Although the quality filtering solved at least part of the CAF1.2 problems, it is undesirable to rely only on such data, so we searched for alternative assemblies. Unfortunately, the original Arachne and Celera assemblies (Drosophila 12 Genomes Consortium 2007; Zimin et al. 2008) are no longer available (G Sutton, pers. comm.), but the assembly evaluation team of the Drosophila 12 Genomes Consortium produced in 2005 different assemblies of D. virilis (using different assemblers) based on exactly the same Sanger traces. We examined two of them, “CA” (Celera Assembler) and “AR” (Arachne), using the same procedures we did with the CAF1.2 assembly. We found that the AR assembly was similar to CAF1.2, containing a large number of small, low quality scaffolds (not shown), which are absent from the CA assembly (Supplemental Fig. S14, panels C,D). Unless otherwise noted, we used the CA assembly in our analyses to avoid the use of filtered data. It is similar to the filtered CAF1.2 assembly both in number of scaffolds (1186) and in size (165 Mbp; all reported assembly sizes exclude gaps). The main results (namely, the identification of four new Y-linked genes and 11 pseudogenes) were the same with both assemblies, and all tested candidates are represented in the CAF1.2 assembly (Supplemental Table S1).

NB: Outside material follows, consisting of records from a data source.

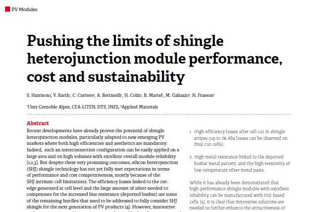 Technological improvements contribute to enhancing the already high attractiveness of SHJ shingle technology, and to close the gap with industrial, economic and sustainability requirements usually considered for large-scale deployment of such panels.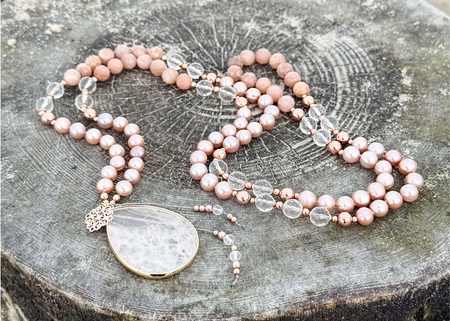 • Długa mala 108 kamieni z pereł i kamienia słonecznego z elementami pozłacanymi różowym złotem. Ręcznie wykonany naszyjnik boho, który wspiera kobiecą energię.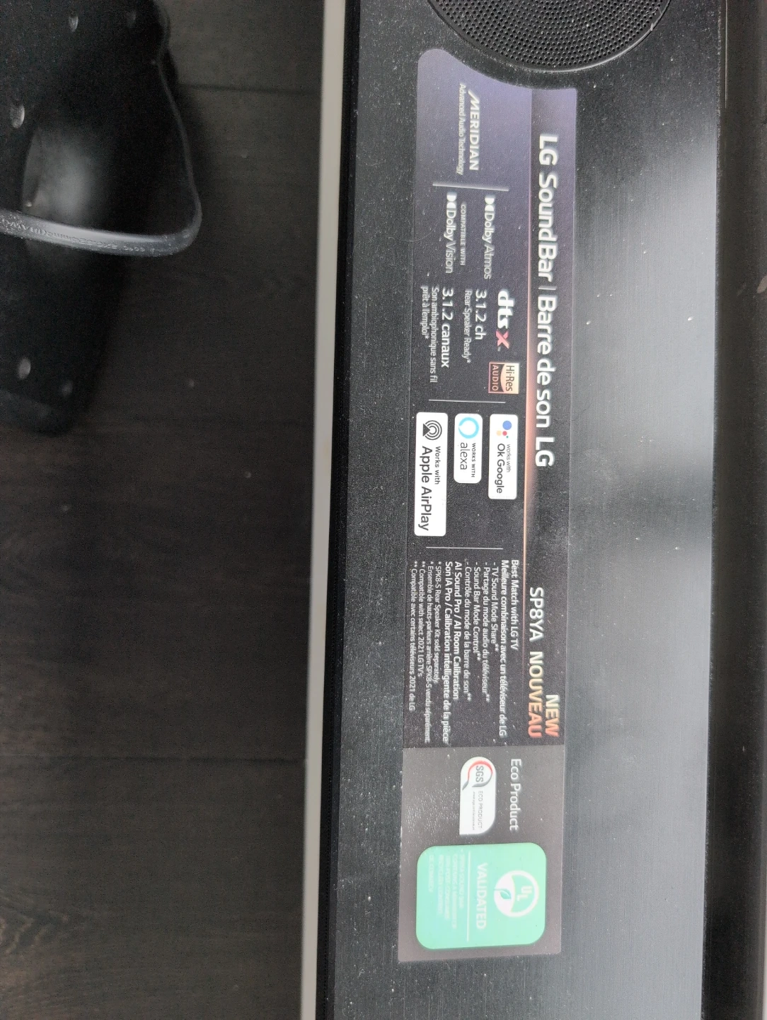 LG Sound Bar SP8YA with Meridian audio technology. Features Dolby Atmos and DTS:X support. Includes a subwoofer for enhanced bass. Compatible with Apple AirPlay and Google Assistant.

Sequence finishing and nomenclature of the new D. virilis Y-linked genes
Due to the low coverage of the Y chromosome (Carvalho et al. 2003) and its abundance of repetitive sequences, the sequences of almost all Y-linked genes have gaps and sequencing errors, and different exons of the same gene are scattered in several scaffolds (Carvalho et al. 2000; Koerich et al. 2008). We corrected these problems by directly sequencing the products from polymerase chain reactions with reverse transcription (RT–PCR) in the four new D. virilis Y-linked genes and in the majority of their Y-linked orthologs in other species. Their finished sequences were submitted to GenBank (see Data Access).

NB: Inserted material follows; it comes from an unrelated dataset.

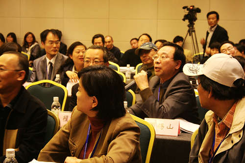 图为来自上海艺术研究所的周锡山教授向发言代表提问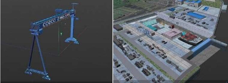 將船塢場地相關聯吊機的軌道及其軌道間距關系按照1:1建立數學模型,其準確、清晰地反映出各軌道在船塢空間的位置關系。

Given their fragmentary assembly, the Y-linked genes usually are incompletely annotated (or not annotated at all) during the automatic annotation step of genome projects (Carvalho et al. 2000; Koerich et al. 2008), and this also happened in D. virilis. When available, we maintained the original names even when the original annotation covers a small portion of the gene. Namely, for the four D. virilis genes, the original annotations were as follows: GJ19835 was missing >50% of the gene (at the N terminus); GJ19633 was complete; GJ11126 was missing one-third of the sequence (at the N terminus); and the D. virilis ortholog of the JYalpha was missing one-third of the sequence and split in two genes (GJ18574 and GJ18410); we used the name GJ18574 because it covers a larger region.
Detection and validation of new human Y-linked sequences
119 HuRef scaffolds were identified as Y-linked due to a low match to the female short reads (Supplemental Table S4). A sequence comparison is needed to distinguish among the 119 scaffolds those scaffolds covered by the reference Y from those containing new sequences. This comparison should take into account that as an unfinished sequence, HuRef scaffolds contain gaps, collapsed repeats, and possibly large-scale misassemblies, such as inversion of contigs within scaffolds, so we do not expect perfect matching with the reference Y; these discrepancies should not be confounded to “new sequence.” We initially tried Nucmer (Delcher et al. 2002) to compare the 119 scaffolds to the reference Y, but the very high repeat content of the Y-linked sequences created problems. We also considered using RepeatMasker, but as we suspected and later confirmed, it would broadly mask most new Y sequence (70% of the 283 kb we found). We searched potentially new Y-linked sequences using two complementary approaches described below. As described in Results, these approaches were sensitive enough to detect even an 11-kb piece of new sequence in the middle of the 2.3-Mbp scaffold DS486277.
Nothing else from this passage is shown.